You can still have fun at uni if you don’t drink

Keep your bad clubs and middle-aged DJs


Here are two scenarios: I’m in a 9am lecture, my head hurts so much that it might explode, and I keep having to leave to throw up in the nearest toilet. Or I’m in the same lecture, I’m clear-headed, four pages of notes in, and looking forward to finishing the rest of my coursework later so I’m able to see that film everyone’s talking about.

Uni culture has taught us, especially us freshers, that the the latter is extremely rare and unrealistic. The norm would be for us to trek over Waterloo Bridge in the dark and the cold, queue outside Walkabout for 30 minutes, enter a half-empty room, and stand around listening to middle-aged DJ’s play bad remixes of all the songs we used to love for the next five hours. Londoners know the drill.

About to have a disappointing night

To top this off, my voluntary sobriety (no real reason, I just don’t want to drink), apparently excludes me from being able to enjoy activities beginning after 10pm and ending before 5am. But that’s only when we assume that the activities existing in this time-frame are clubbing, drinking or going to bars.

I actually hugely admire those who love a bit of late night antics at Fabric or Ministry, leaving me with a constant FOMO and a slight tinge of self-hatred.
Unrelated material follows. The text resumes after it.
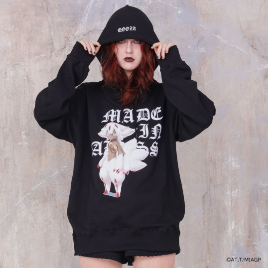 這次一樣採用 QOOZA 招牌的黑暗系風格,搭配《來自深淵》中高人氣的奈奈祈 & 法普妲作為靈感,設計出聯名服裝系列,包含 : 薄長 T、帽 T、毛絨側背包與法普妲帽子,設計風格也非常適合女性穿搭,有著截然不同的味道。

I desperately want to get excited about pre-drinking around a table, normally in a half-cleaned flat kitchen, queueing, paying, queueing again, and then leaving three hours before my lecture starts with the same air of excitement the night began with.

But frankly, I’d rather be watching Louis Theroux documentaries until 4am.

This may be me on a night out, but it’s almost as rare as catching Kanye smiling

On a serious note, my adverse attitude to all things drinking and clubbing created problems in my first weeks of uni. I didn’t join sports teams and I hardly left my room for the first five days, afraid I’d have to address the complicated issue of my perceived “antisocial” behaviour – which in-turn caused me to suffer huge emotional problems in my first weeks until I nearly dropped out all together. 

This didn’t end up being the case. I found that one of my flatmates doesn’t drink either, and no-one thought any less of me because I wanted my eight hours sleep. Frankly, as long as you don’t dampen the mood – and there’s no reason why you should (I still attend pre-drinks till 10pm) – your social life shouldn’t suffer.

I’ve learnt what you lose in wild nights out, you gain elsewhere. Sobriety and my poor club attendance enables me to eat steak instead of Pot Noodle, ice-skate at Somerset House at Christmas, and take weekend trips with my flatmates – not to mention that I’ve seen every film released since September. 

You can keep your VKs

I’ve spent around 136 days living the “student life”. Two nights I’ve chosen to club, both of which have swiftly ended by around 12am. Either I’m a bad omen, or maybe I just haven’t given it a good enough shot. Either way, I’m happy as I am.